> **What to work on**: Look below for the line that contains "A.- Primero lo", then copy it and each following line to the end of the records, minus any pictures.

> **Excerpted data**:
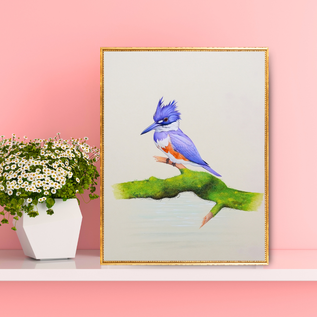 In 'The Fragile Pause', Jaggu Prasad captures a fleeting instant of a silence that is heavy with an abated breath. The female belted kingfisher is resting delicately on a slender branch, its small frame, painted with fine layers of russet, ochre, and white, glows softly against the bright green of the mossy branch. This heavy moss on the branch tells us it's monsoon, the time for blossoms and the mating season. The bird's eyes look unfocused, as if its attention is more on something else – perhaps on the expectance of an answer to its mating call? Female belted Kingfishers call continuously from their perch, while the males fly back and forth on their beck and call.
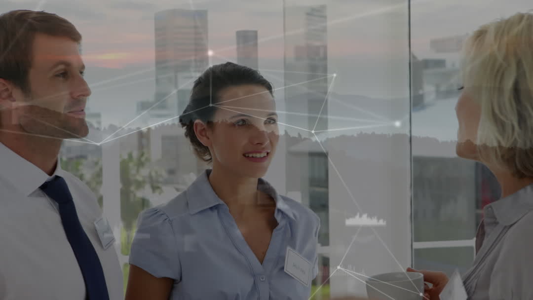 Business professionals are discussing innovative technology solutions while visual elements, such as interconnecting lines and abstract network patterns, overlay a scenic city view through large windows. This video symbolizes global connectivity, modern business interactions, and technological advancements in an office setting. Ideal for representations of team collaboration, futuristic business concepts, tech industry projects, or corporate networking themes.
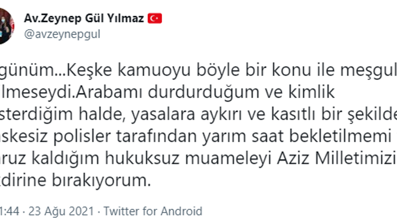 "Üzgünüm...Keşke kamuoyu böyle bir konu ile meşgul edilmeseydi.Arabamı durdurduğum ve kimlik gösterdiğim halde, yasalara aykırı ve kasıtlı bir şekilde maskesiz polisler tarafından yarım saat bekletilmemi ve maruz kaldığım hukuksuz muameleyi Aziz Milletimizin takdirine bırakıyorum."
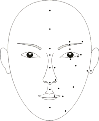 请根据你面部痣的大致位置对照此图,将鼠标放在黑点上面,两侧即可显示结果。
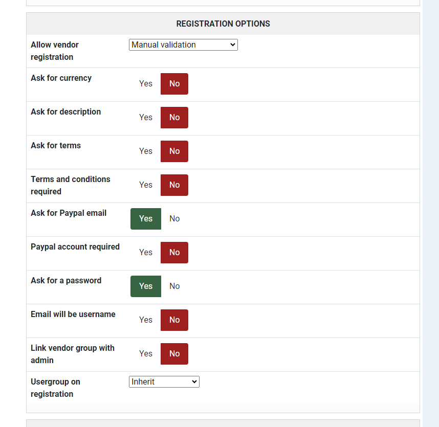 Configuration > Market options > Registration Options > Allow vendor registration MANUAL VALIDATION
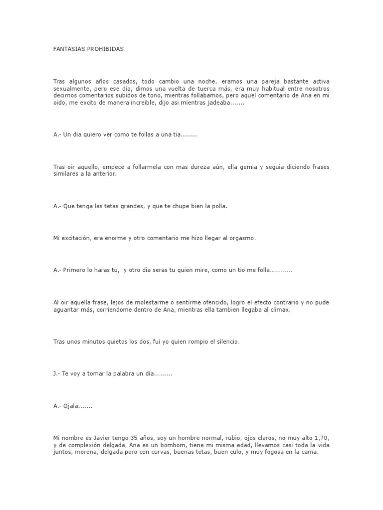 A.- Primero lo haras tu, y otro dia seras tu quien mire, como un tio me folla...........
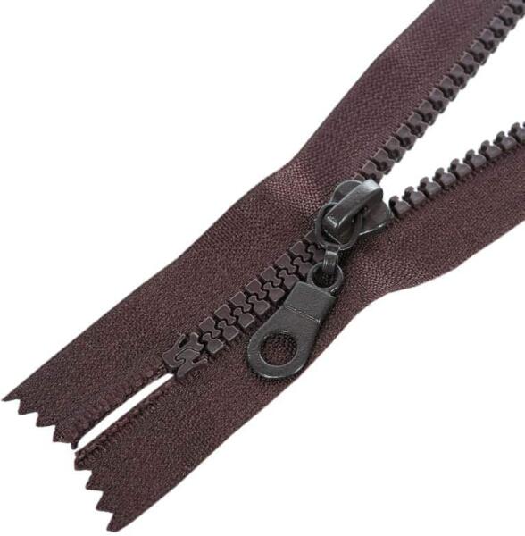 Öntött műanyag fogazattal rendelkező nem bontható (zárt) cipzár. Ezt a típusú cipzárt hívják cápafogú, farkas fogú cipzárnak is. A fogazat szélessége 5 mm, a cipzárszalag teljes szélessége 3,5 cm. A fogazat színe megegyezik a textilszalag színével, a cipzárkocsi kör formájú (M9). A cipzár hossza: 30 cm. A cipzárszalag színét egy színkód jelzi, így könnyen válas
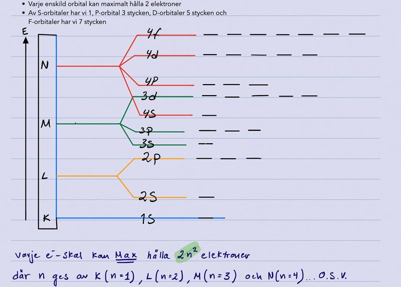 Var och en av de svarta linjerna (varje orbital) har plats för två elektroner. En atom innehåller lika många elektroner som det finns protoner i kärnan. Man börjar att fylla på i de orbitaler som har lägst energi, d v s finns längst ner i bilden.

> **Final answer**:
 A.- Primero lo haras tu, y otro dia seras tu quien mire, como un tio me folla...........
 Öntött műanyag fogazattal rendelkező nem bontható (zárt) cipzár. Ezt a típusú cipzárt hívják cápafogú, farkas fogú cipzárnak is. A fogazat szélessége 5 mm, a cipzárszalag teljes szélessége 3,5 cm. A fogazat színe megegyezik a textilszalag színével, a cipzárkocsi kör formájú (M9). A cipzár hossza: 30 cm. A cipzárszalag színét egy színkód jelzi, így könnyen válas
 Var och en av de svarta linjerna (varje orbital) har plats för två elektroner. En atom innehåller lika många elektroner som det finns protoner i kärnan. Man börjar att fylla på i de orbitaler som har lägst energi, d v s finns längst ner i bilden.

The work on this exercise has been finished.